All that being said, it is difficult not to appreciate the importance of the Declaration of Independence. It is indeed one of the most important documents in the history of politics and ideas for the simple but radical fact that, by articulating the intention of the American colonies to separate from British rule, it established the principles of self-government and individual rights while connecting equality and freedom.
Being profoundly influenced by the philosophical thinking of John Locke, Thomas Hobbes, and Jean-Jacques Rousseau (unlike contemporary US leaders, the likes of Thomas Jefferson, Benjamin Franklin, and John Adams were deeply learned men and had extensive knowledge of history and philosophy), the Declaration of Independence solidified the claims of social contract theory—that is, the idea that governments receive their just powers from the consent of the governed—and justified rebellion against tyranny. Within just a couple of decades, the Declaration of Independence inspired revolts across the globe. It had great impact on political and philosophical debates leading up to the French Revolution (1789) and served as a reference point behind the slave revolt against French colonial rule in Haiti in 1791 and the Irish rebellion against British rule in May 1798.
When Ho Chi Minh declared Vietnam an independent nation on September 2, 1945, he paraphrased the US Declaration of Independence. He opened his declaration of independence with the statement from the 1776 Declaration: “All men are created equal. They are endowed by their Creator with certain inalienable rights, among these are Life, Liberty, and the pursuit of Happiness.” But then he updated those words by saying, “In a broader sense, this means: All the peoples on the Earth are equal from birth, all the peoples have the right to live, to be happy and free.”
Indeed, the Declaration of Independence served as a “universal blueprint” for the anti-colonial struggles that occurred after World War II. It is indeed a radical document. One of its foundational principles is that “it is the Right of the People to alter or abolish” governments that become destructive to their fundamental rights. This principle is a cornerstone of democratic theory and should never be forgotten.
Ironically enough, all US administrations have largely abandoned the fundamental principles underpinning the Declaration of Independence—and none more so than President Donald Trump’s administration. The country is on a very slippery path under Donald Trump’s imperial proto-fascism. Democracy is dying before our very own eyes, and Trump’s desire to reshape the world order not only creates more uncertainty and instability but risks opening a Pandora’s box.
It is in this context that the Declaration of Independence should serve as a stark reminder of the need for a call to action when a government, like the one represented by Donald Trump, acts illegally and unconstitutionally to weaken democratic institutions and engages purely in self-dealing while endangering our communities. We have a monstrous, tyrannical government in power that the People must stand up to with all their might before it ruins everything.

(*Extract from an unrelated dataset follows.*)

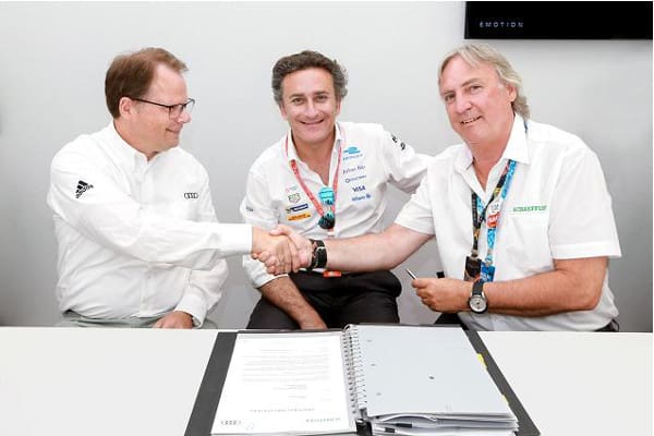 During the German home round of Team ABT Schaeffler Audi Sport in Berlin (June 10/11) Schaeffler and Audi agreed on an extensive cooperation in the development of the powertrain for the next three generations of the Formula E racing car. Schaeffler Chief Technology Officer Prof. Peter Gutzmer and Peter Mertens, Member of the Board of Management, Technical Development AUDI AG, signed a three-year agreement in Berlin-Tempelhof.

If we must, what we need to celebrate on the 250th anniversary since the signing of the Declaration of Independence is nothing more and nothing less than the basic principles and ideas behind this document, in an updated manner, of course, à la Ho Chi Minh, while being fully cognizant of the fact that we still have a long way to go to achieve equality in this country. That was not the intention of those who drafted and signed the Declaration of Independence; nonetheless, they gave the world a political and philosophical document for the ages.